De paso. Pete, ¿podrías conseguirme cinta para mi máquina de escribir. Coloqué la última que tenía. —Abrió la máquina y la colocó sobre el escritorio.

—Haremos un trato; te conseguiré las cintas si me dejas leer lo que has escrito —respondió Pete, dejándose caer cómodamente en un sillón; tenía un trago en la mano—. En cuanto lo termine; ¿de acuerdo? Será un programa sensacional.

—¿De qué se trata?

—Ciencia ficción.

—¿A quién se lo presentarás?

—A Abe Leinstein.

—No sabía que le interesaran los temas de ciencia ficción.

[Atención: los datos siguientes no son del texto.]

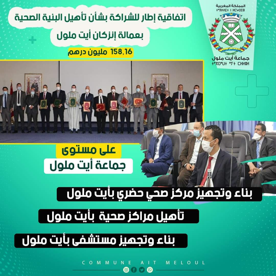 كما تمت عملية إطلاق برنامج تقوية وتهيئة الطرق بأيت ملول على مدى ثلاث سنوات بتكلفة مالية تناهز 15 مليون درهم، تهيئة العشب الطبيعي للملعب البلدي لايت ملول و تخصيص ميزانية خاصة بالتتبع التقني له، الترافع في القطاع الصحي بالمدينة، بحيث استفادت مدينة ايت ملول من البرنامج الحكومي بتوقيع اتفاقية بناء المستشفى الاقليمي بأيت ملول وتهيئة كلية للمركز الصحي لأزرو، بالإضافة إلى استكمال مشروع الحماية من الفيضانات فيما يخص جنبات واحد سوس ومشروع تقوية صبيب المياه و الاستفادة المياه العادمة l’eaux usées،

—Le interesarán después que lea mi argumento.

—Bueno; esperemos que así sea. —Pete se levantó y fue hasta la puerta—. Vendré a verte mañana después que me despierte. Recuerda que el médico dijo que debes que darte en reposo en casa.

—Tardaré varios días en terminar mi trabajo —contestó Mike, preparándose a trabajar.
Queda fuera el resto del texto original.